▶ _EXERCISE REQUIREMENTS_
Please copy, word for word, the line holding "Ein Turm, der" and each line that follows it through the end of the entries, omitting any pictures.

(Stored dataset items)
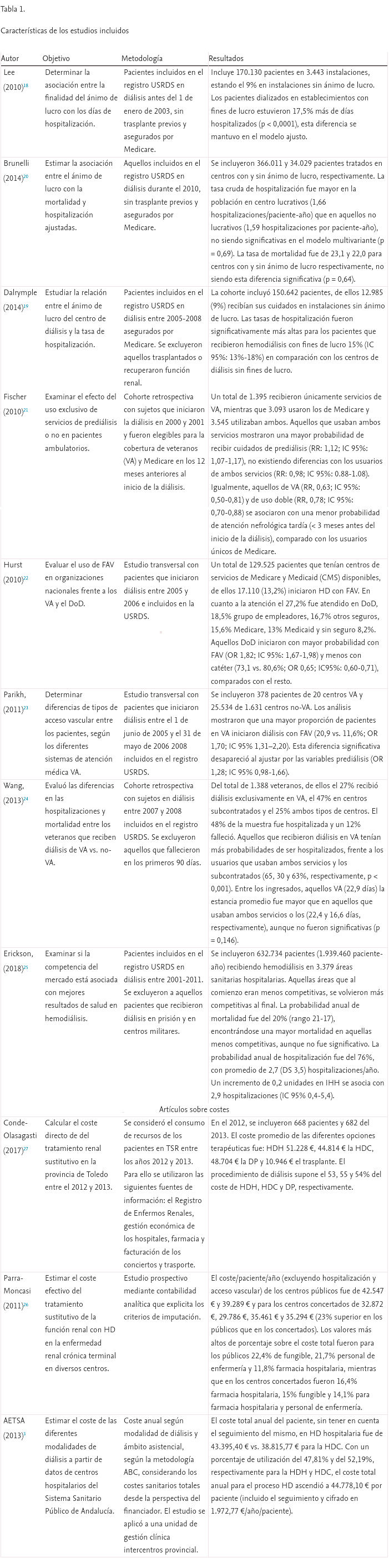 Criterios de inclusión y exclusión: se incluyeron todos los artículos que realizasen una comparación de la diálisis concertada, frente a la prestación de servicios por parte de la no concertada, en términos de resultados de efectividad, es decir, los beneficios obtenidos mediante la aplicación de un tecnología sanitaria en términos de resultados en salud (mortalidad, morbilidad, reingresos hospitalarios, etc.); las comparativas en términos de costes se limitaron a aquellos estudios realizados y publicados en España. Se excluyeron aquellas referencias a estudios en las que no se realizasen comparación entre los tipos de centros y aquellos publicados en idioma diferente al inglés o español; la búsqueda se limitó a un periodo de 10 años.
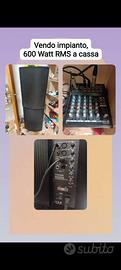Vendo a malincuore Impianto con mix, fili e Casse da 600Watt RMS. prezzo 400€ se interessati il prezzo è trattabile.
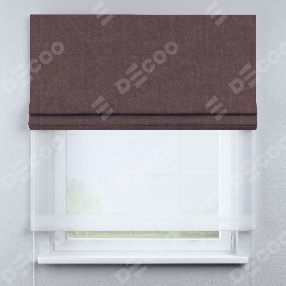 Римская штора день-ночь производителя «Cortin», используется для проёма, пошита из двух полотен, с лицевой стороны канвас махагон артикул v-37, вторая ткань тюль (по стандарту комплектуется тюль белого цвета артикул V-01). Имеет универсальный механизм и подходит для монтажа: на потолок, на стену и в нишу.
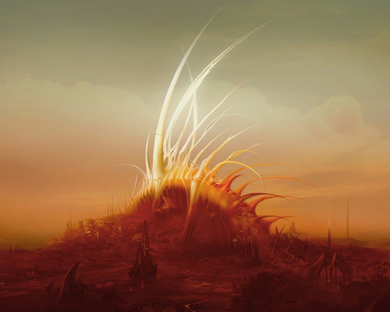 Ein Turm, der von Schiffen im Fantasy-Stil umgeben ist
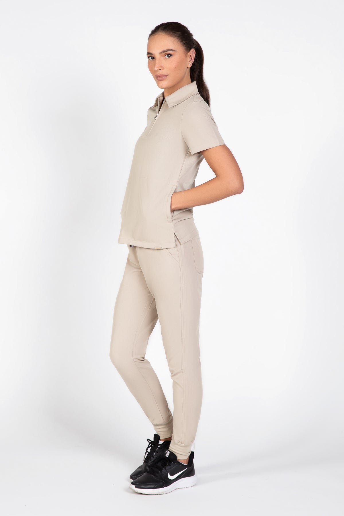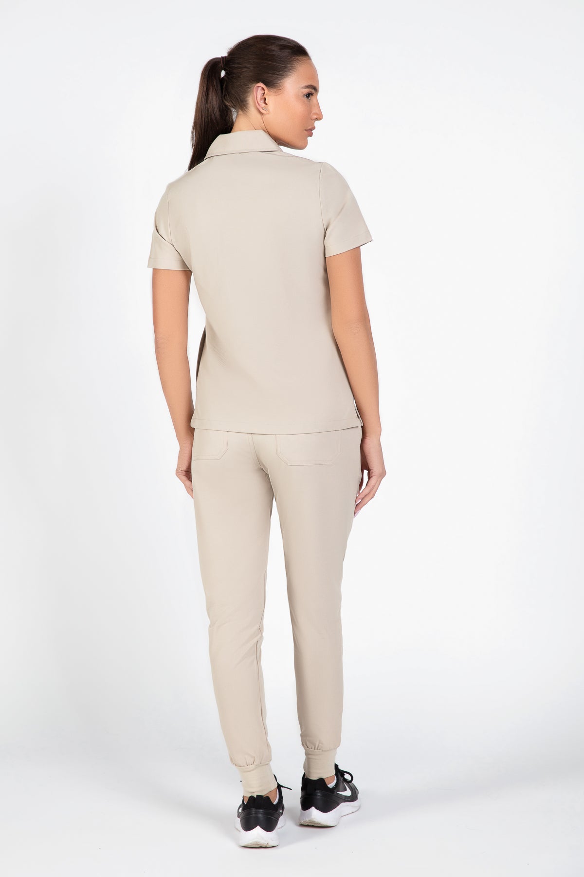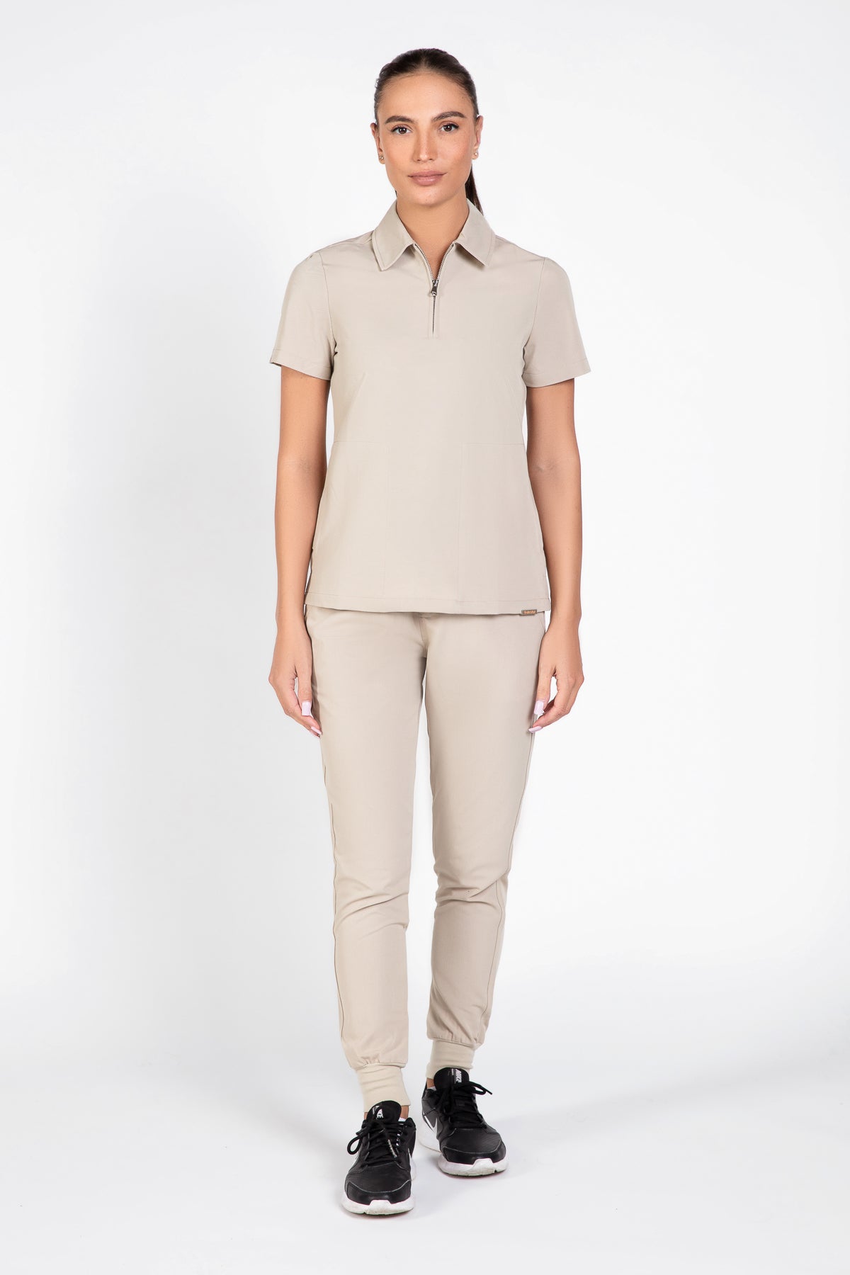 The sand stone scrub top is both stylish and functional. The fit is perfect, and the colour is great for a professional environment.
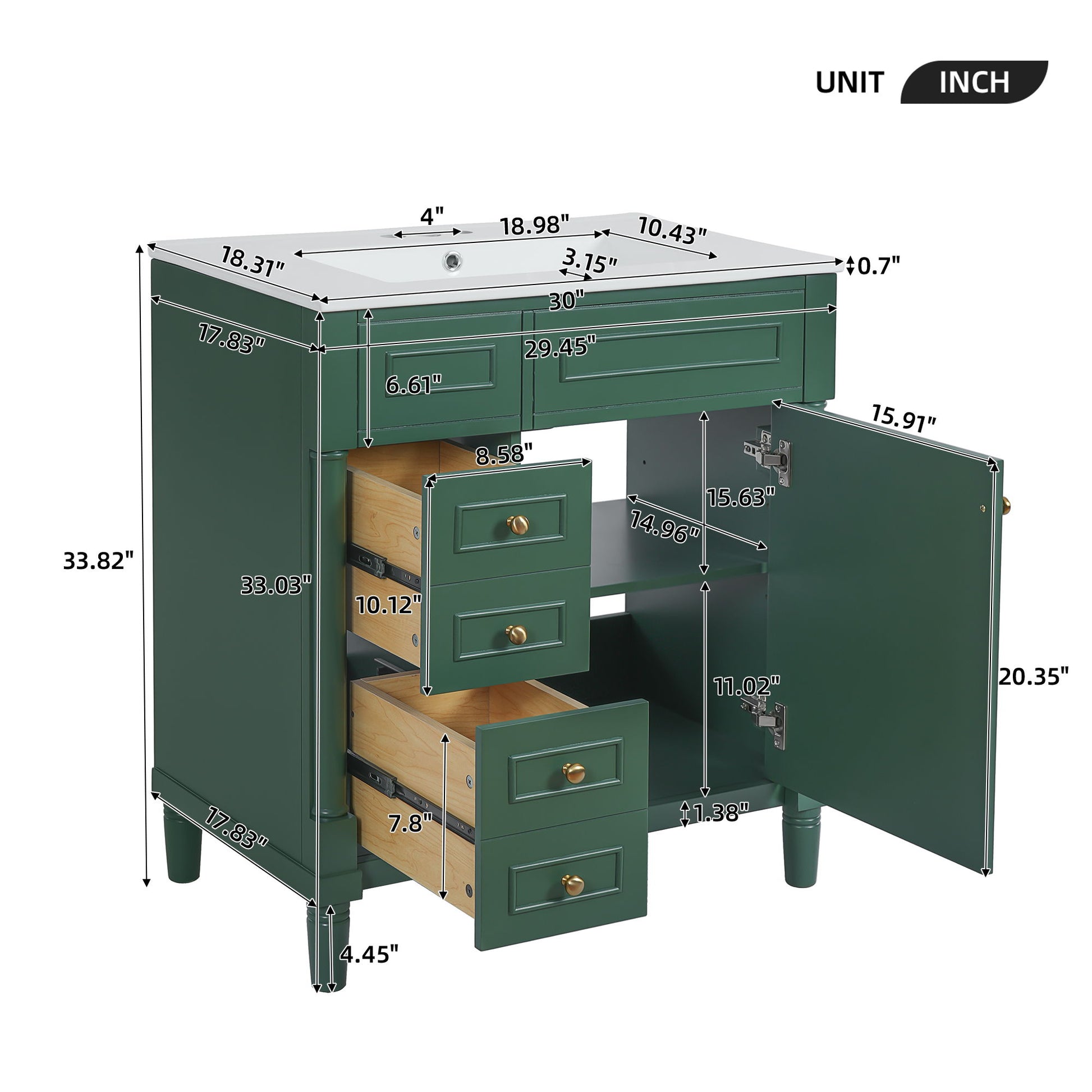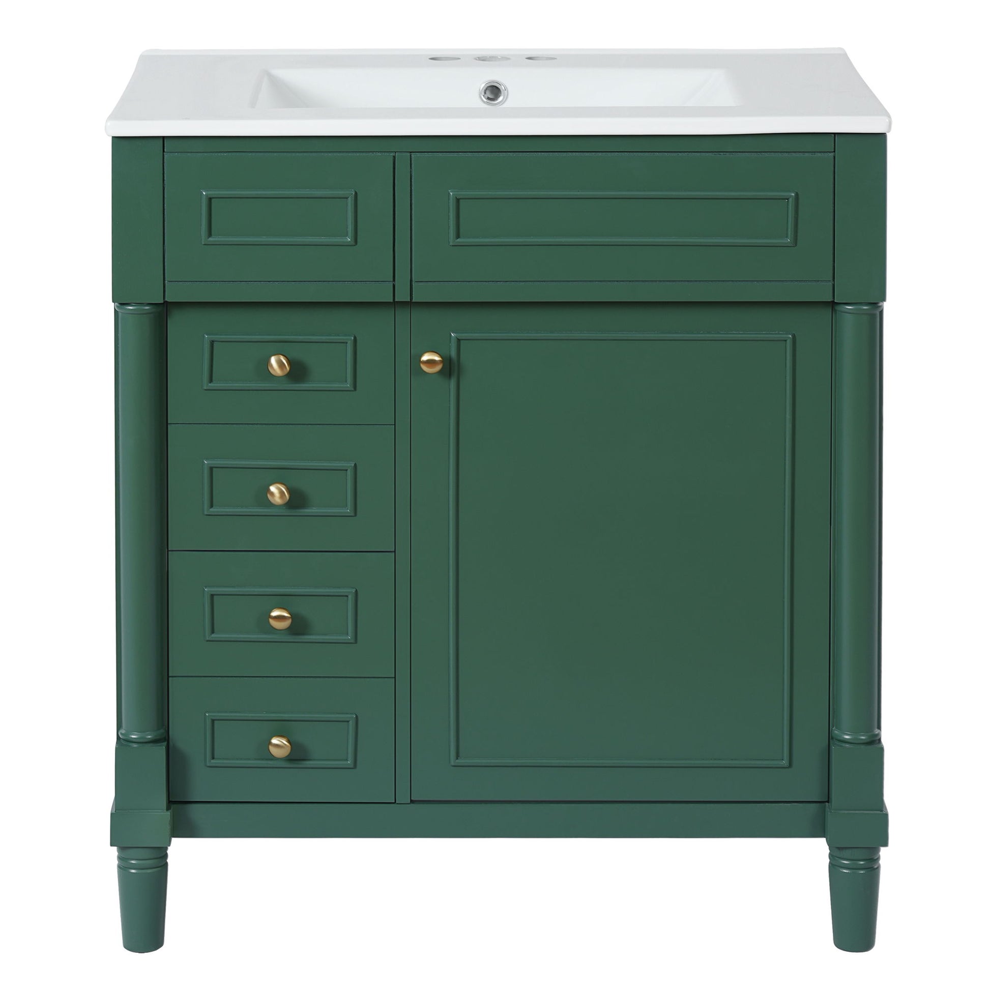 Bathroom Vanity With Sink, Freestanding Storage Cabinet & 2 Drawers And Soft Closing Door - Green
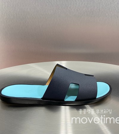 [홍콩명품.Hermes] 에르메스 25SS 로고 이즈미르 레더 가죽 슬리퍼 (블랙-스카이블루), SE5216, GHS, 명품스니커즈,운동화,구두,로퍼,하이탑,신발 요약정보 및 구매

▶ _RESPONSE TO THIS TASK_
 Ein Turm, der von Schiffen im Fantasy-Stil umgeben ist
 The sand stone scrub top is both stylish and functional. The fit is perfect, and the colour is great for a professional environment.
 Bathroom Vanity With Sink, Freestanding Storage Cabinet & 2 Drawers And Soft Closing Door - Green
 [홍콩명품.Hermes] 에르메스 25SS 로고 이즈미르 레더 가죽 슬리퍼 (블랙-스카이블루), SE5216, GHS, 명품스니커즈,운동화,구두,로퍼,하이탑,신발 요약정보 및 구매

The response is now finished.